Tools

10:1 probes are the industry standard. Almost all oscilloscopes have an input impedance of \(1M\Omega\) when looking into the connector on the front panel of the scope.

Capacitance increases when you go from 10:1 to 1:1. e.g. a 10:1 passive probe may have 10pF of capacitance while an equivalent 1:1 probe may have approx. 100pF. You also lose some input resistance, e.g. it drops from \(10M\Omega\) to \(1M\Omega\).

1:1 probes can be good for measuring small levels of noise as they effectively increase the minimum resolution of the oscilloscope by 10 (compared to a 10:1 probe).

Some scope probes allow you to adjust the probes compensation.

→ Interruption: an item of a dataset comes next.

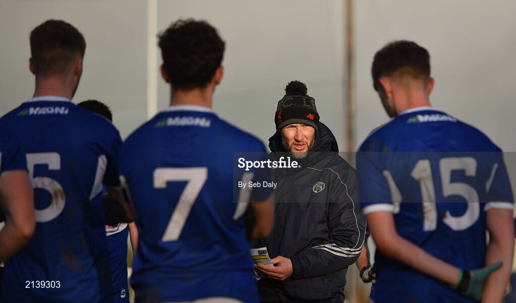 8 January 2022; Laois manager Billy Sheehan talks to his players at half-time during the O'Byrne Cup group B match between Wexford and Laois at Hollymount in Galbally, Wexford. Photo by Seb Daly/Sportsfile
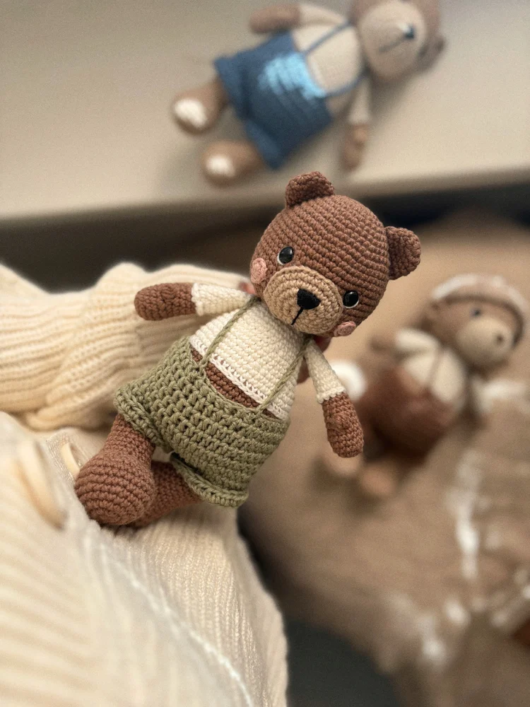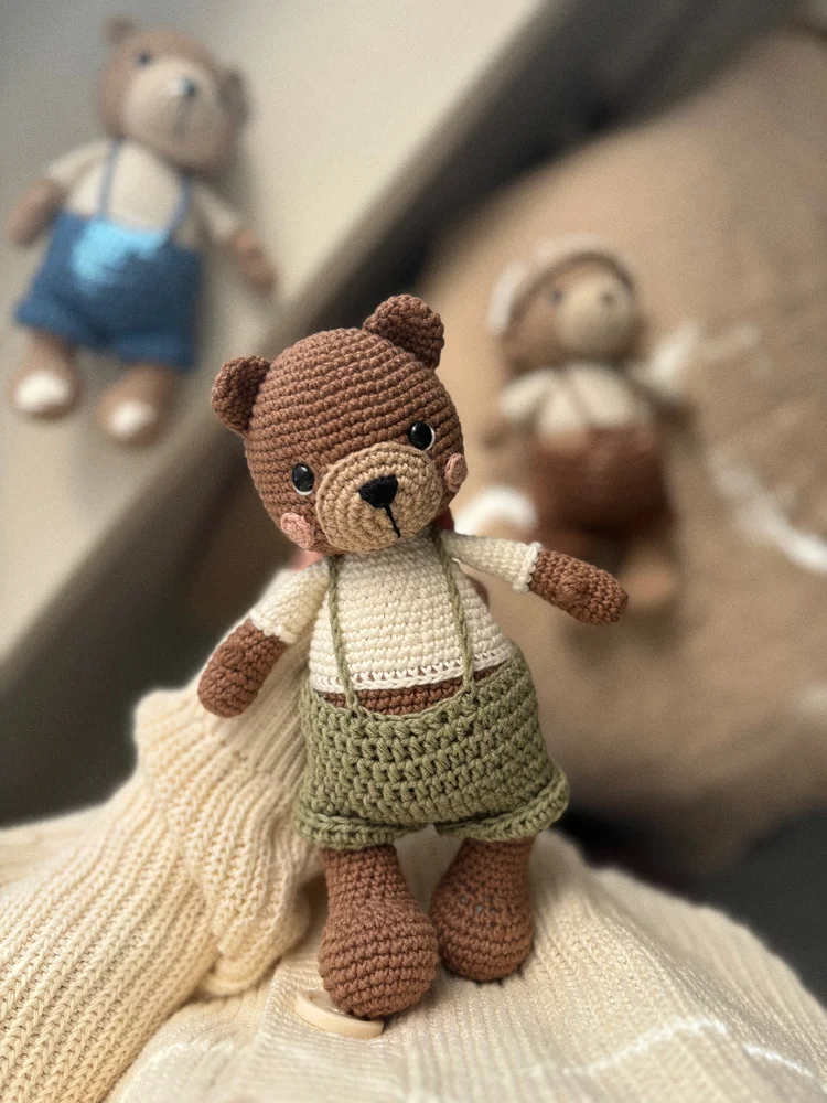 Medvedík vyrobený zo 100% bavlnenej certifikovanej priadze (certifikát OEKO TEX Standard 100 class 1, je vhodná pre deti od 0 do 3 rokov). Výplň -certifikované duté vlakno. Noštek je vyšívaný a očká sú použité bezpečnostné (odporúča sa 3+).

Without the variable capacitor, the resistance of the probe combined with the resistance and capacitance of the scope will create a low-pass filter that will greatly distort high frequency measurements. The variable capacitor is added in parallel with the \(9M\Omega\) probe resistance so that there is both a resistive and capacitive potential divider. The capacitance is then adjusted so that both the resistor divider and capacitor divider have the same division ratio. This ensures the response of the probe is flat across the frequencies of interest.

I have never had great success using the maths functions on a scope to measure differential signals (by using two single-ended inputs and subtracting one from the other).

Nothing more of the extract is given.